Przyszedł czas na pierwszy przepis. Jak z tytułu łatwo wywnioskować będzie to chleb i bez przedłużania - zapraszam do lektury i samodzielnego wypróbowania - to nic trudnego!
Od lat, właściwie od wieków, BA! od
tysiącleci – jednym słowem od zawsze, od kiedy człowiek zdał
sobie sprawę, że mięso jest najlepsze, ale jednak na ogniu da się
zrobić też inne rzeczy, ludzkości towarzyszy chleb. Oczywiście to
duże uproszczenie i nazwę „chleb” stosuję tutaj jako
turbo-skrót myślowy, ale nie ma sensu rozwodzić się nad
wszystkimi placko-,ciasto-,podpłomyko-podobnymi rzeczami. Fakt jest
taki, że homo sapiens (lub
jak w moim przypadku hetero sapiens),
na prawie każdej szerokości i długości geograficznej, szybko i
sprawnie doszedł do wniosku, że połączenie MĄKI i WODY
(odpowiednio podgrzane) daje treściwy element diety. Dodając do
tego środek spulchniający (zakwas/drożdże) i trochę soli dla
smaku, dochodzimy do bohatera tego odcinka, czyli chleba.
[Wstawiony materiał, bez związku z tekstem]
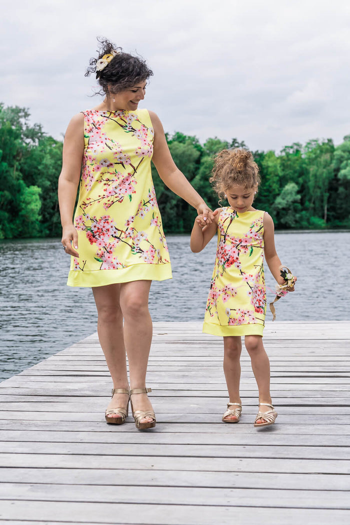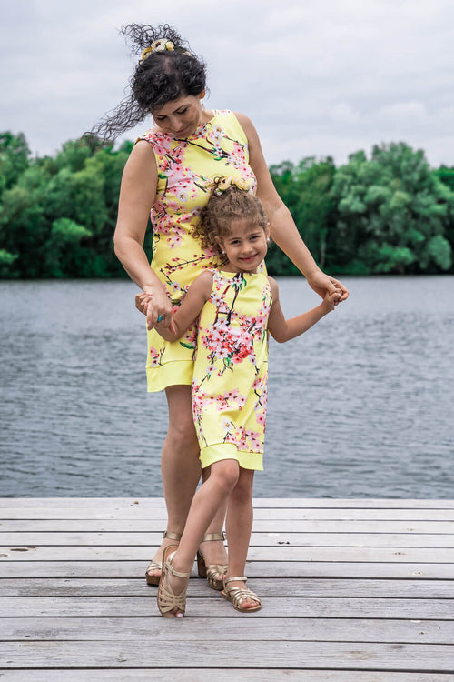 Zie eruit als een zonnestraaltje samen met je lieve kleine dame! De felgele kleur en schattige bloesemprint geven een speelse twist aan deze klassieke stijl. Draag met een paar pumps voor een chique gelegenheid, of ga samen voor een paar zomerse slingback sandalen. Jij en je mini-me zullen twinning naar een heel nieuw niveau tillen in deze mooie jurk.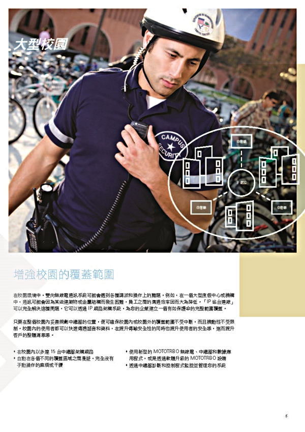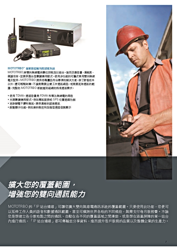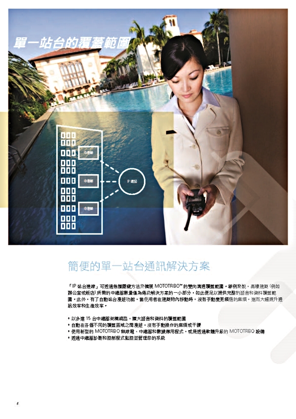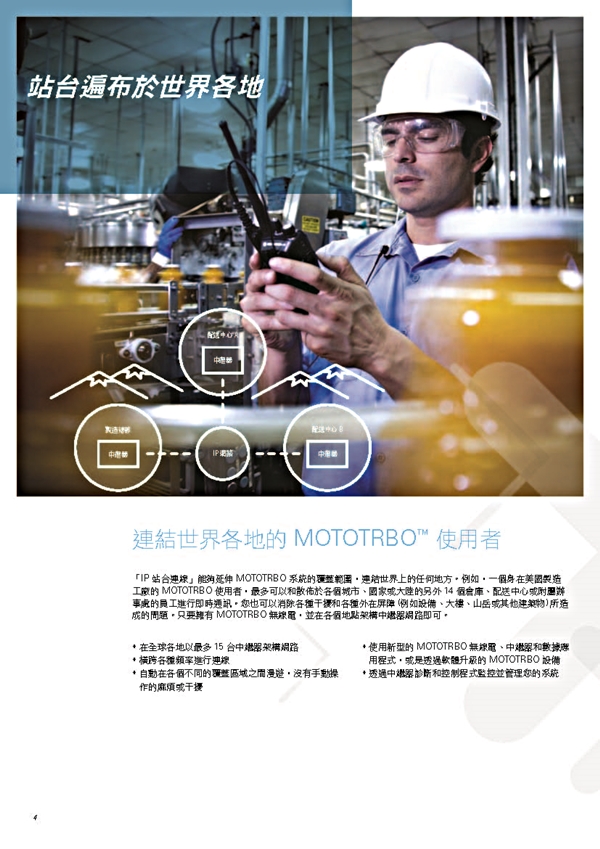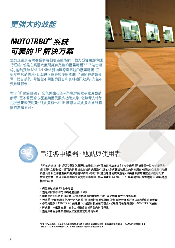 IP Site Connect數字解決方案使用Internet擴展您的MOTOTRBO通信系統的 覆蓋範圍,無論您位於何處。您可以在城市,州或國家的地理位置分散的位置之間 輕鬆交流。 您可以創建廣域覆蓋,並自動漫游從一個覆蓋區域到另一個覆蓋區域。 或者,您可以在一個多障礙的高層建築增強覆蓋用多站台解決死角問題。 IP Site Connect使您能夠擴展員工的語音和數據通信能力,超越傳統無線電 無法達到的功能這意味著大幅改善客戶服務和提高生產力。

Wokół pieczenia chleba w domu narosło
wiele mitów, a najbardziej absurdalny jest ten:
„Wypiek chleba jest trudny.”
Jeśli jeszcze nie doświadczyliście
na własnej skórze działania tego mitu, to po wypróbowaniu tego
przepisu zrozumiecie o co chodzi. „Wow! Sam upiekłeś?!”,
„Pieczesz własny chleb?!”, „Jakie pyszne! Musisz dać mi
przepis!”.
Ludzie! To jest w całej historii
najbardziej podstawowa rzecz do jedzenia. Robili ją od zawsze
mistrzowie kuchni i największe łamagi w tej dziedzinie. Przy
zachowaniu kilku nieskomplikowanych zasad – tego się nie da
spartolić.
Proponowany przepis jest używany
przeze mnie regularnie, a zastosowanie kilku różnych rodzajów mąki
(w tym pełnoziarnistych) sprawia, że chleb jest świeży spokojnie
przez 3 dni, co jest istotne gdy pieczesz dla 1-2 osób).
No to jadziem!
Składniki: (na małą keksówkę –
ok 25cm)
150g mąki pszennej (typ 400-650)
75g mąki pszennej pełnoziarnistej
75g mąki żytniej pełnoziarnistej
250 ml wody
1 łyżeczka soli (1 łyżeczka)
1 łyżeczka cukru
7g drożdży suchych lub drożdży
świeżych 20g
2 łyżki octu (dowolnego; ja
przetestowałem spirytusowy i balsamiczny)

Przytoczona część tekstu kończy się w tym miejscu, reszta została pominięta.